Spiral galaxies are common.  This image shows six stunning spiral galaxies in images from ESO's Very Large Telescope (VLT) at the Paranal Observatory in Chile.  Credit: ESO
Spiral galaxies are common. This image shows six stunning spiral galaxies in images from ESO’s Very Large Telescope (VLT) at the Paranal Observatory in Chile. Credit: ESO

“You may have to travel half a billion light-years from the Milky Way, passing many galaxies, to find another cosmic wall with a galaxy like ours,” Aragon said. “This is a few hundred times farther away from the nearest large galaxy around us, Andromeda,” he adds.

So is it normal to feel special again? We’re obviously special just because we’re alive, and most things we can see aren’t. But that doesn’t necessarily tell us how much other matter might be alive and whether we’re special. From a point of view elsewhere in the universe, there could be a lot of living matter. Before the advent of modern astronomy, we had no idea whether there was life elsewhere or how special Earth could be. We are wise to be careful with the word SpecialAccording to one of the authors.

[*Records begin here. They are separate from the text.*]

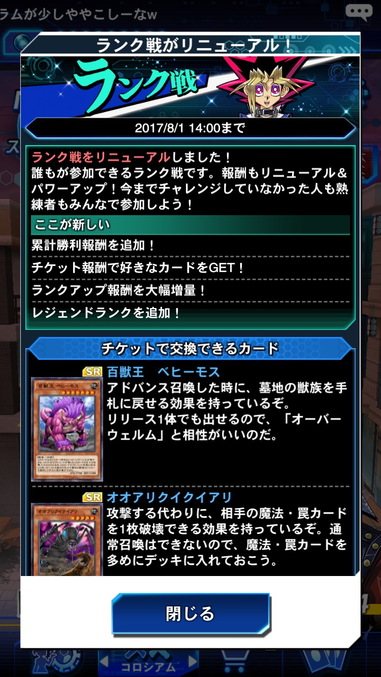 遊戯王の醍醐味である対戦機能ですが、今最も熱いのは「ランクマッチ」です。各プレイヤーごとに合わせたランクのプレイヤー同士で対戦が可能。ランクは「ルーキーランク」〜「デュエルキング」の6段に分けられているので、自分の実力に合わせて楽しむことができます。さらにランクマッチが新たにリニューアルされ、今までの昇格報酬に加えて好きなカードと交換できるチケットも貰えちゃいます!沢山報酬をゲットしてデュエルキングを目指しましょう!
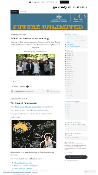 gostudyinaustralia.wordpress.com ranks as the 4th most similar website to apexstudent.com and studyoverseasglobal.com ranks fifth in January 2026.
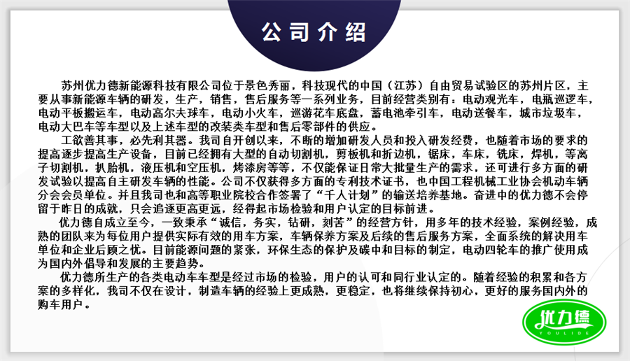 本网页所展示的有关【唐山8吨电动平板货车承重性能好,电动搬运货车源头厂家_其他电动车_苏州优力德新能源科技有限公司】的信息/图片/参数等由找好货的会员【苏州优力德新能源科技有限公司】提供,由找好货会员【苏州优力德新能源科技有限公司】自行对信息/图片/参数等的真实性、准确性和合法性负责,本平台(本网站)仅提供展示服务,请谨慎交易,因交易而产生的法律关系及法律纠纷由您自行协商解决,本平台(本网站)对此不承担任何责任。您在本网页可以浏览【唐山8吨电动平板货车承重性能好,电动搬运货车源头厂家_其他电动车_苏州优力德新能源科技有限公司】有关的信息/图片/价格等及提供【唐山8吨电动平板货车承重性能好,电动搬运货车源头厂家_其他电动车_苏州优力德新能源科技有限公司】的商家公司简介、联系方式等信息。
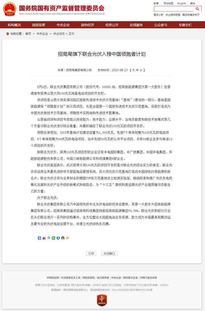 8月4日,联合光伏集团有限公司(股份代号:00686.HK,招商新能源集团为第一大股东)在香港宣布获得山西大同100兆瓦地面电站项目的开发权。
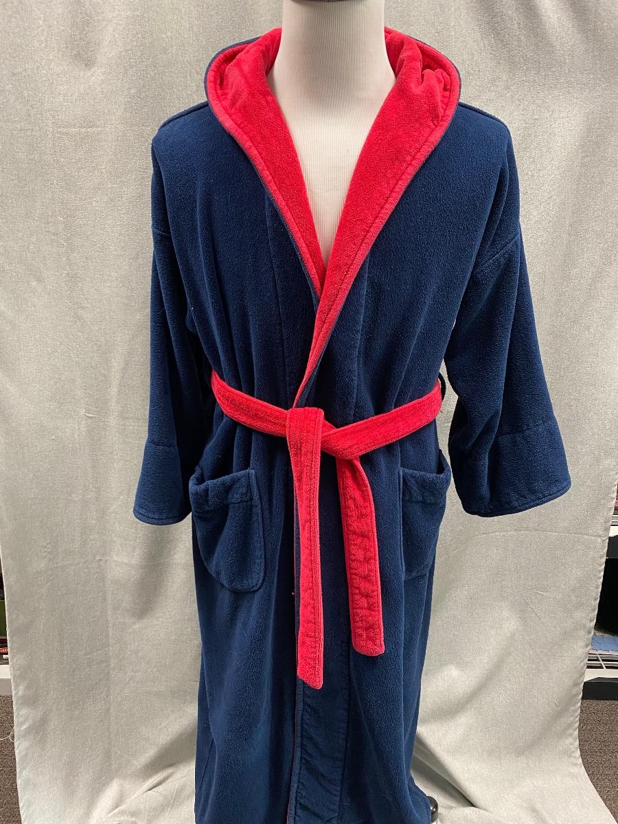 Retro Red & Blue Heavy Weight Terry Cloth Bath Robe with Hood
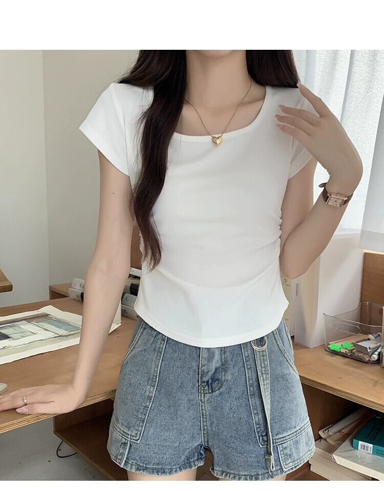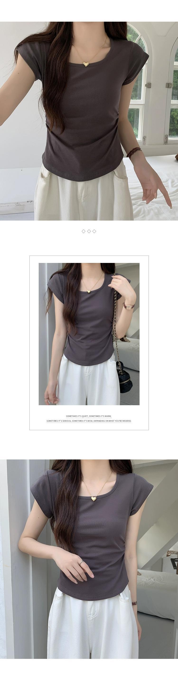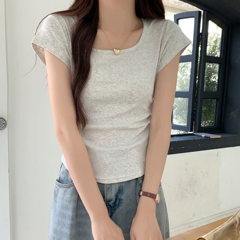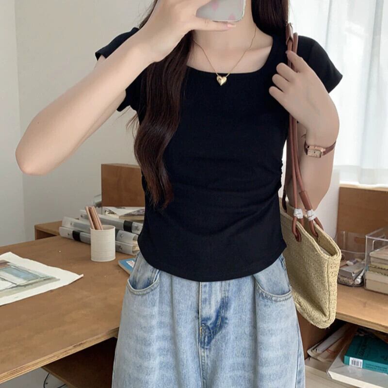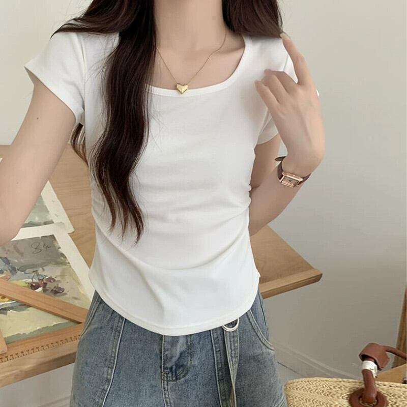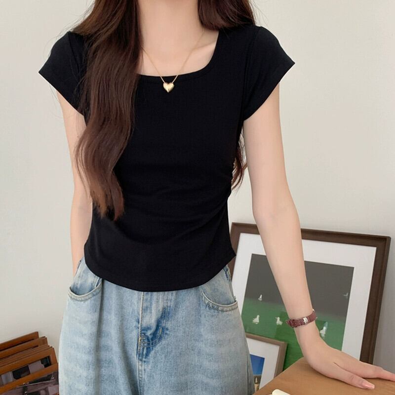 夏のイレギュラーショルダー半袖Tシャツレディース、スリムでファッショナブル、カーブした裾、プリーツスクエアネックショートトップ サマー 夏物 スクウェア 7460045285446261 | framboise21
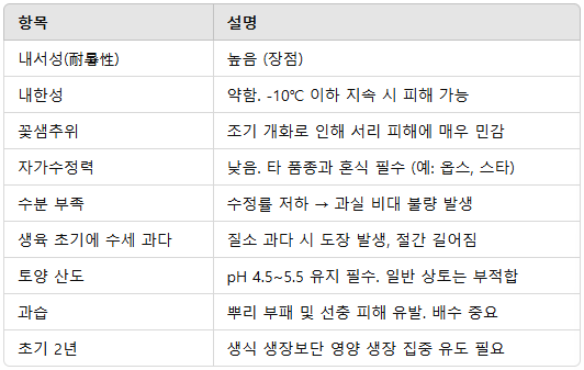 단, 조생종 특성상 꽃샘추위와 자가수정력 부족은 주요 리스크이므로, 혼식 및 환경 제어가 병행되어야 하며, 뿌리 부패와 과습 관리에도 주의를 기울여야 합니다.
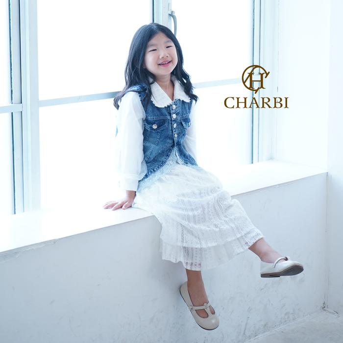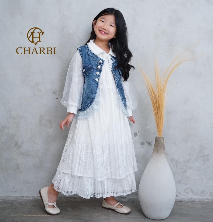 RACHEL DRESS - 2 IN 1 JEANS VEST WITH 2 LAYERED MALIKA LACE ANAK ANAK - CHARBI - 2-3 TAHUN
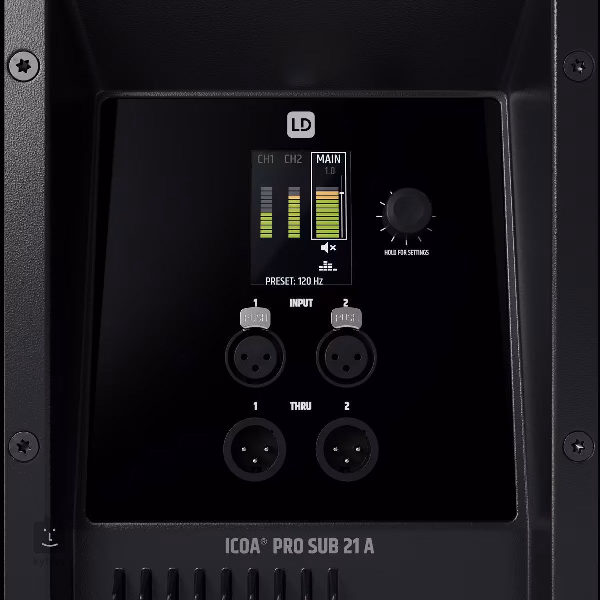 Potężny wzmacniacz klasy D osiąga maksymalne ciśnienie akustyczne 136 dB SPL, zapewniając ogromną rezerwę mocy i niezawodną reprodukcję częstotliwości basowych. Cztery zoptymalizowane porty bass-reflex zapewniają bogate basy do 29 Hz. Najnowocześniejszy procesor DSP SysCore z filtrami FIR/IIR i zaawansowanymi ogranicznikami gwarantuje dźwięk bez zniekształceń nawet przy bardzo wysokim poziomie głośności. Dzięki czteropasmowemu korektorowi parametrycznemu, funkcji opóźnienia i trzem wybieranym częstotliwościom podziału (80 Hz, 100 Hz i 120 Hz), subwoofer można elastycznie dostosować do różnych sytuacji. Dostępne są również ustawienia wstępne dla różnych zastosowań, takich jak monitorowanie niskich opóźnień lub tryb kardioidalny.
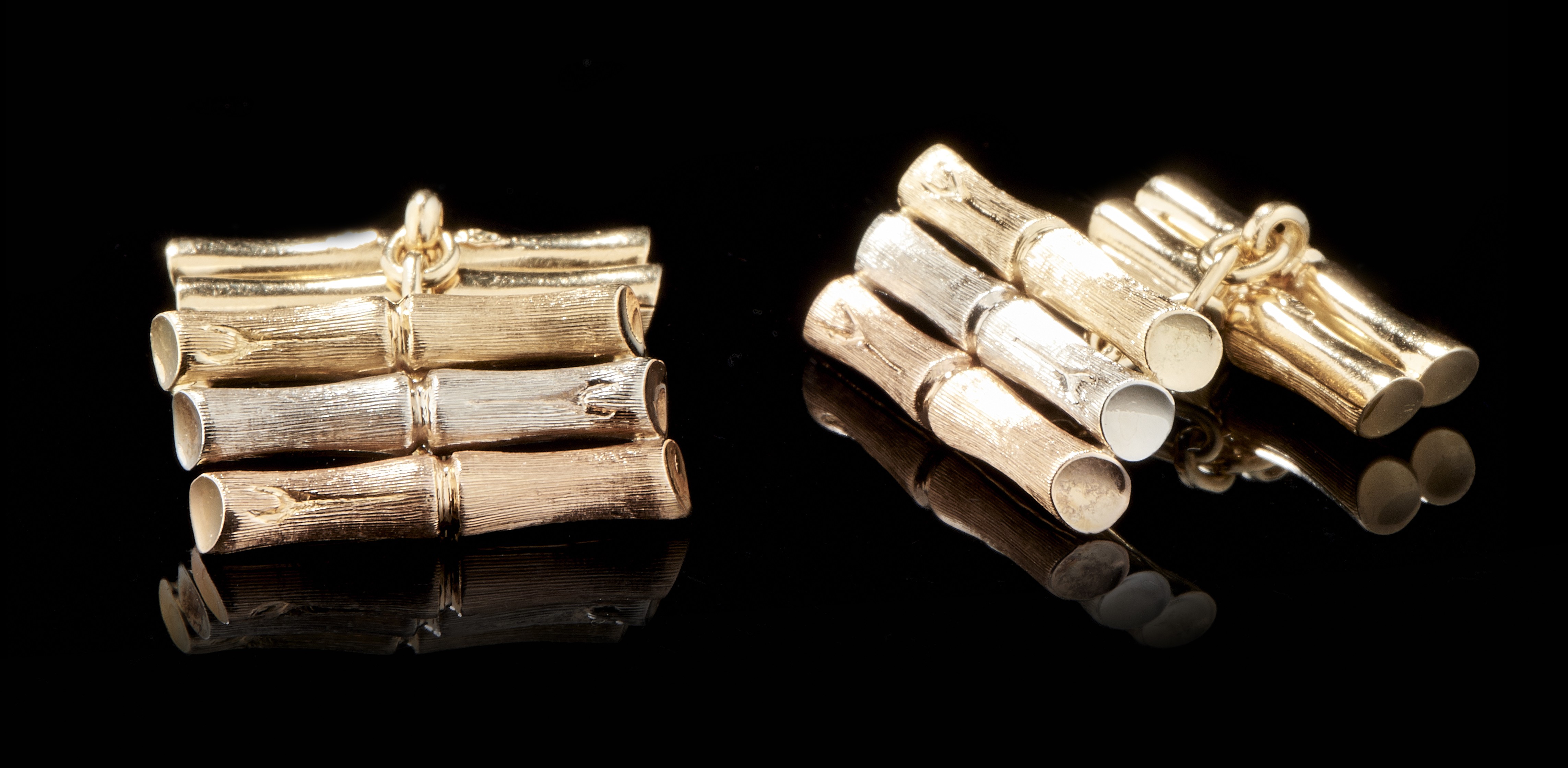 Three satin gold bamboo cufflinks Gold, 750g gray and 750g gold, 14g

You do have to be careful, however, when selecting properties that qualify for this ‘Special,’said Dr. Mark Nerink, another member of the team. “If we add a ridiculously restrictive condition to a galaxy, such as it should have in the paper we wrote about this, we would certainly be the only galaxy in the observable universe like that. But we think this property of ‘too big for its wall’ has physical significance.” And relevant enough to watch to be really special.”